Можно ли после сказанного поставить рядом с нашим летописцем любознательных ученых арабов, как Ибн-Хордадбег, Ибн-Фоцлан Ибн-Фадлан. – Примеч. ред.), Массуди? Каждый путешественник, каждый писатель сообщает иногда факты, требующие строгой поверки, но из этого не следует возможность отрицать все его известия.
Когда Массуди писал свое известие о Подонском поселении славян, входивших в пределы Хазарии, последняя была прекрасно известна арабам. Мы могли бы в доказательство указать на выводы, сделанные господами Григорьевым и Савельевым в указанных раньше трудах. Оба они работали в одно время, независимо друг от друга, и пришли к одинаковым заключениям об обширности сношений народов на территории теперешней России с Азией. Но не лишним считаю указать несколько фактов, относящихся к Хазарии. Между Таврическим полуостровом и Азией существовали издавна самые оживленные сношения. Они были так прочны, что не прекращались даже в XIII в., когда занятие степей кочевниками выдвинуло для них много препятствий. Весьма интересны в этом отношении данные, находимые у Ибн-эль-Атира, арабского писателя середины XIII в. Он рассказывает, что, когда в 1223 г. татары потребовали от владетеля Тебриза[92] выдачи бежавших хорезмийцев, то владетель часть последних убил, часть взял в плен; пленных и русских (купцов) отправил с подарками татарам[93]. Для нас это известие должно сохранять полную силу и в том даже случае, если здесь именем русских купцов названы некоторые из хорезмийцев, торговавших на Руси.
Хазарская кольчуга. IX в.
Рассказывая о взятии Судака татарами, Ибн-эль-Атир говорит, что к этому городу пристают суда с одеждами и частью покупают, частью выменивают на них невольников и меха[94]. Когда пришли татары, сетует он далее, дорога нарушилась, и не получалось никаких товаров, ни чернобурых лисиц, ни бобров, ни белок, что отправлялось из тех стран; когда же татары возвратились, то дорога открылась, и стали отправлять товары по-прежнему[95]. О событиях 1223 г. Атир говорит по рассказам бежавших из Крыма[96]. Если такие оживленные сношения происходили во времена Атира, то нет повода уже сомневаться в верности арабских известий предыдущих столетий о вывозе из земли Руса и Славонии всякого рода мехов, когда Хазария покровительствовала этой торговле. Ей способствовали в сильной степени евреи, в большом числе проживавшие в этом государстве. Поселение этой нации на Таврическом полуострове восходит к отдаленному времени. Еще раньше появления готов в Крыму в Пантикапеоне находилась иудейская синагога и есть свидетельство, что в VII в. тут существовала иудейская община[97]. При Гарун-эль-Рашиде хазарские правители приняли иудаизм, и с тех пор много евреев утвердилось в их стране, особенно после 944 г., когда на них было поднято гонение в Византийской империи[98]. Есть известие у Ибн-Хордадбега, что раданиты ездили из Западной Европы или морем или сушей в Суэц, Аравию, Индию, Китай и говорили по-персидски, латински, арабски, французски, по-испански и славянски[99]. Эти раданиты, не без вероятия, могут быть признаны за евреев.

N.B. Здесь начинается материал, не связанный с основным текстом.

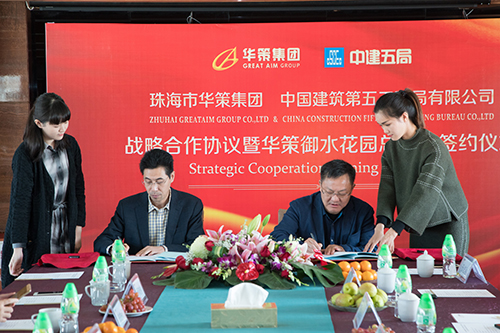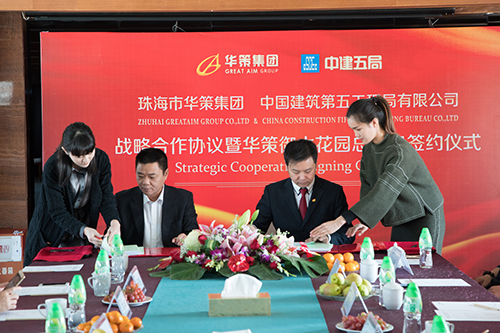 The Signing Ceremony for the Yu Shui Garden Turnkey project of Great Aim& Strategic Cooperation Agreement between Zhuhai Great Aim Group (GreatAim) and the 5th Engineering Bureau of China State Construction

Обширные торговые связи были между поволжскими берегами и Центральной Азией – Хорезмом. Булгары и славяне вели с ним деятельную торговлю[100]. Она происходила главным образом в столице Хорезма, Джурджание или Куркандже. Из этого города часто направлялись караваны в Хазарию, Маверанагру и Джорджан. Сюда стекались пушные товары и рабы хазарские, славянские и тюркские[101]. Из Джорджана шли караваны на верблюдах в самый Багдад[102]. Хорезмийцы иногда делали и набеги на болгар и славян, причем многих из них уводили в плен[103]. Скажем, между прочим, что последнее известие говорит в пользу существования славянских поселений по Дону, ибо нападать на славян хорезмийцы могли только в областях приволжских или придонских. У эль-Атира сохранилось даже такое предание, что несколько после принятия иудейства на хазар напали хорезмийцы и покорили их; что в другой раз (в 204 году гиджры, т. е. 819–820 гг. по P. X.) хорезмийцы подали хазарам помощь под условием принятия последними исламизма[104]. Оно указывает на близость отношений между Хазарией и Хорезмом. Кроме того, известно, что гвардия хазарского кагана состояла из хорезмийцев[105].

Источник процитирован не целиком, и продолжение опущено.